If you’re a longtime reader of my blog, then thank you. Notice anything different today? Take a moment, look around, see if you can spot the change… I’ll be right here when you’re done.
--passage of time –
--Barry Manilow in Muzak form fills your ears while you wait--
--Oh Mandy, you came and you brought me some bacon, but you cooked it flambé oh Mandy--
See the difference? I took the subheading off my blog title. No more mention of “gonzo libertarianism.” No mention of libertarians at all. I’ve discarded that label for the same reason I quit calling myself a feminist: because both words have become so contaminated, their mainstream use is entirely different from their original meanings.
Whenever I said “I'm a feminist,” I meant men and women should be legal and social equals. But I quit applying the F-word to myself once I started collecting criticism from other self-described F-words who apparently believe feminism means “attractive women betray The Sisterhood” or “Ditto the women who work in the sex industry” or even “Andrea Dworkin was right: men are scum.”
I’ve written professional articles describing how I paid for college by working in exotic-dance clubs, and had self-described F-words in the comment threads tell me outright that I was a disgusting human being who caused harm to all women, and “should have” remained an impoverished high school graduate rather than dance my way to a college degree.
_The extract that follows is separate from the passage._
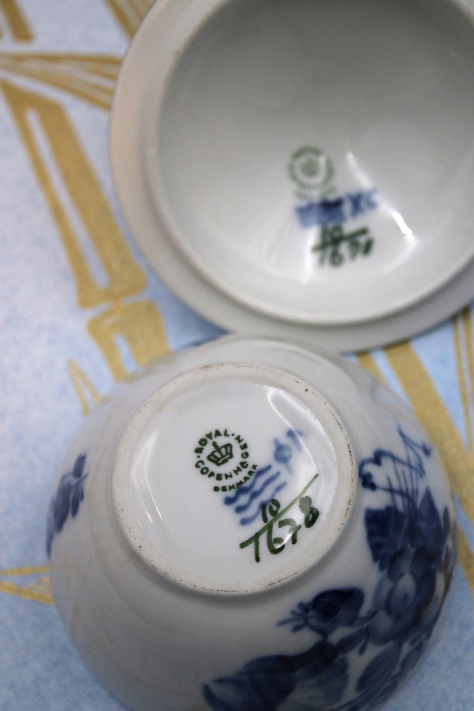 Royal Copenhagen, Blue Flower Curved sugar bowl with lid and gold rim. Decoration number: 10/1678. 1st grade. H: 9.5cm. Dia.: 10cm.
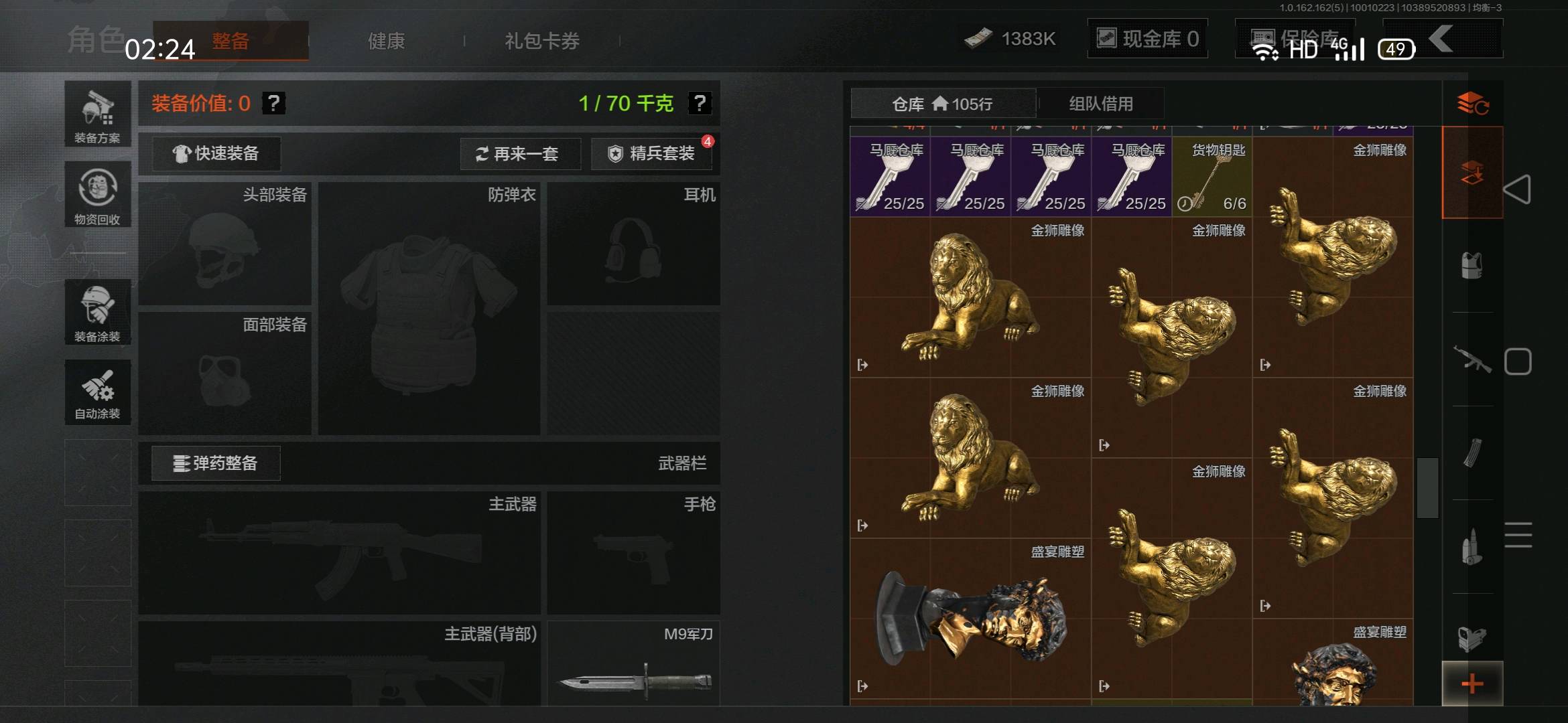 [11608968]库存价值101.2 2近战武器 1金枪皮 可修改实名 优质装备:长缨风掣·RPK16 柯恩币数量:387033 近战武器:工兵铲,来战·开山刀 紫色枪皮:灰鼠幻歌·P90,骑士之剑·AKS74U,竞技·M110,竞技·MDR,火绒·AN94 角色装扮(紫):都市夜影套装DSTW763加【仓库价值5.9M 柯恩币633442 1套装 15枪皮 2刀 工兵铲 开山刀 】安卓Q-等级30-科恩币633442 【枪皮】来战·AKM 来战·AK74N 骑士之剑·AKS74U 07式林地迷彩·QBZ191 玄戈梨花·MPX 森林迷彩·MP5 玄戈梨花·VSS 【刀皮】 工兵铲 来战·开山刀

I view feminism as a ladder to help women climb up; they view it as a cudgel to beat women down when we don't behave as they demand. I’m a strong advocate of ladder feminism and utterly abhor cudgel feminism, but the cudgel version is best-known today and I don’t want anybody thinking I adhere to it, which is why I’ve stopped saying “I’m a feminist” in favor of clunkier phrases like “equality for all.”
Which brings me to libertarianism. Or any political label, these days. Pop quiz: in modern American usage, what is the definition of a “political conservative?” I can give you multiple contradictory and equally valid answers off the top of my head: A conservative is someone who believes in smaller government and more personal liberty. Or someone who believes government should be small enough to fit inside a gay person's bedroom, drug user's bloodstream or woman's reproductive system, the better to regulate what goes on within. Someone who believes anything a Republican does is good because it’s a Republican doing it, and anything a Democrat does is bad for an equal and opposite reason. Someone who believes the Bible rather than the constitution should be the law of the land. There’s even conservatives who believe science is a left-wing atheist plot and the single greatest evil in the 6,000-year history of planet Earth. I consider myself a conservative according to the first definition I listed, but want nothing to do with the latter groups.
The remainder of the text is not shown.